- What you are asked to do
Omit all pictures, then retype the data exactly as given.

- Dataset excerpt
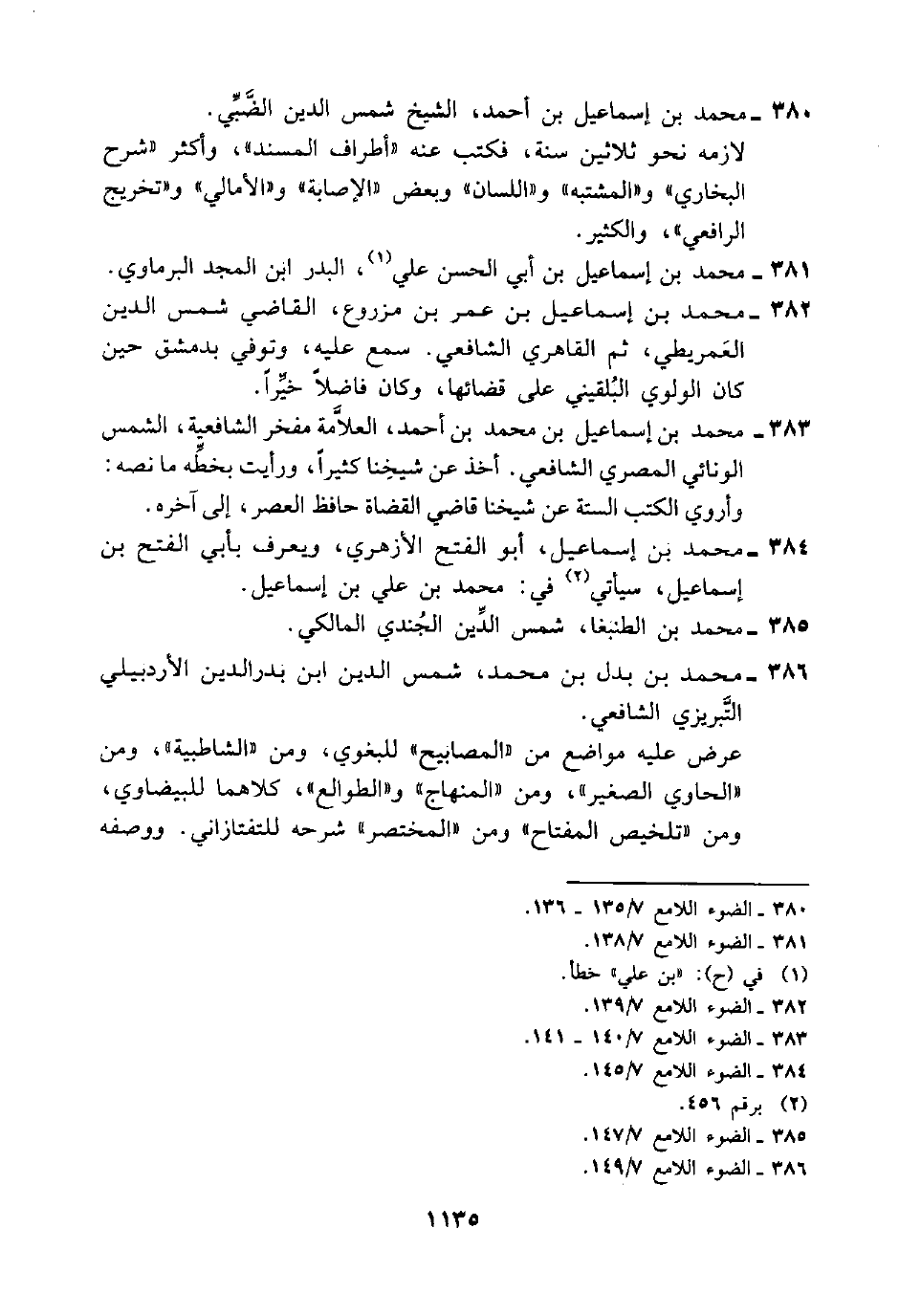383 - محمد بن إسماعيل بن محمد بن أحمد، العلَّامة مفخر الشافعية، الشمس الونائي المصري الشَّافعي. أخذ عن شيخِنا كثيرًا، ورأيت بخطِّه ما نصه: وأروي الكتب الستة عن شيخنا قاضي القضاة حافظ العصر، إلى آخره.
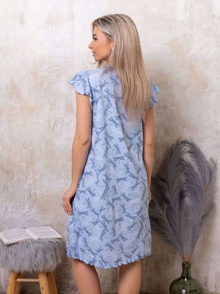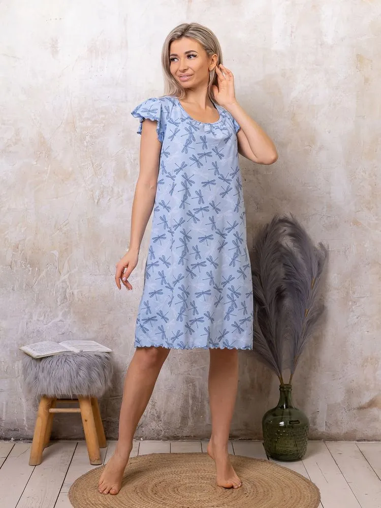 Перед Вами милая и нежная женская сорочка для комфортного сна. Лёгкая ночнушка свободного кроя прекрасно сидит на фигуре любого типа. Изготовлена из 100% натурального хлопка, ткань мягкая, дышащая и приятная к телу, прекрасно тянется.  В то же время ткань достаточно плотная, не просвечивает. Очень мило смотрятся нежные веточки лаванды, мелкие изящные цветочки, кружевные сердечки на светлом фоне. Рукав –крылышко со сборками дает полную свободу движений. Отделка рукава и низа изделия (обметочная строчка с вытяжкой ткани) смотрится легко, воздушно. Небольшое изящное украшение из атласной ленточки на овальном вырезе горловины завершает нежный образ. Длина изделия – чуть ниже колена. Рост сорочки универсальный. Силуэт сорочки расклешенный, она прекрасно подойдёт также будущим мамам. Размерный ряд 44-60.
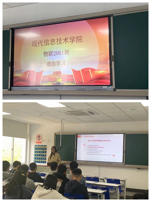 3月25日下午,物联2061本科班在学生中率先带头组织开展全国“两会”精神学习。专科班的学生在学院团总支的统一安排下,后续也将开展“两会”精神的系列学习。
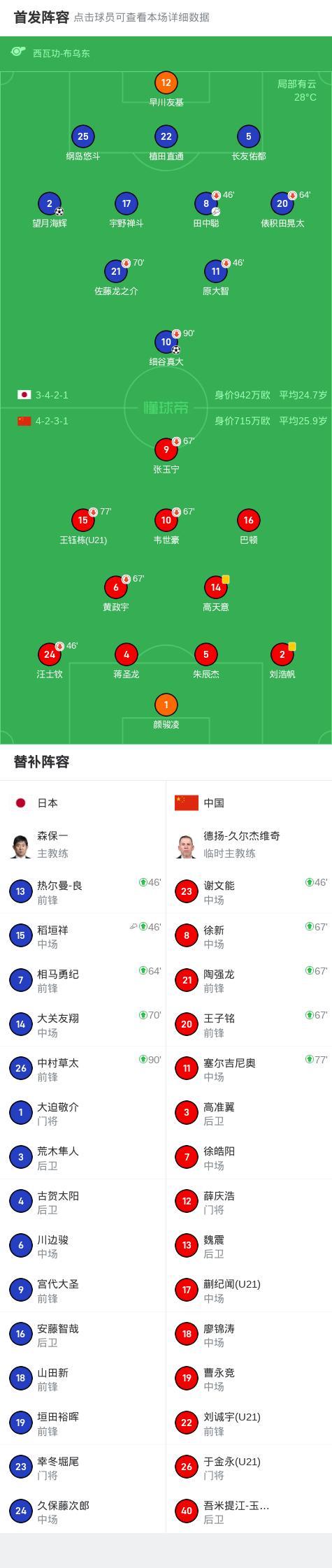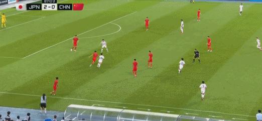 第63分鐘,望月海輝遠射擊中朱辰傑後折射入網,日本2-0國足

- Completed task
383 - محمد بن إسماعيل بن محمد بن أحمد، العلَّامة مفخر الشافعية، الشمس الونائي المصري الشَّافعي. أخذ عن شيخِنا كثيرًا، ورأيت بخطِّه ما نصه: وأروي الكتب الستة عن شيخنا قاضي القضاة حافظ العصر، إلى آخره.
 Перед Вами милая и нежная женская сорочка для комфортного сна. Лёгкая ночнушка свободного кроя прекрасно сидит на фигуре любого типа. Изготовлена из 100% натурального хлопка, ткань мягкая, дышащая и приятная к телу, прекрасно тянется.  В то же время ткань достаточно плотная, не просвечивает. Очень мило смотрятся нежные веточки лаванды, мелкие изящные цветочки, кружевные сердечки на светлом фоне. Рукав –крылышко со сборками дает полную свободу движений. Отделка рукава и низа изделия (обметочная строчка с вытяжкой ткани) смотрится легко, воздушно. Небольшое изящное украшение из атласной ленточки на овальном вырезе горловины завершает нежный образ. Длина изделия – чуть ниже колена. Рост сорочки универсальный. Силуэт сорочки расклешенный, она прекрасно подойдёт также будущим мамам. Размерный ряд 44-60.
 3月25日下午,物联2061本科班在学生中率先带头组织开展全国“两会”精神学习。专科班的学生在学院团总支的统一安排下,后续也将开展“两会”精神的系列学习。
 第63分鐘,望月海輝遠射擊中朱辰傑後折射入網,日本2-0國足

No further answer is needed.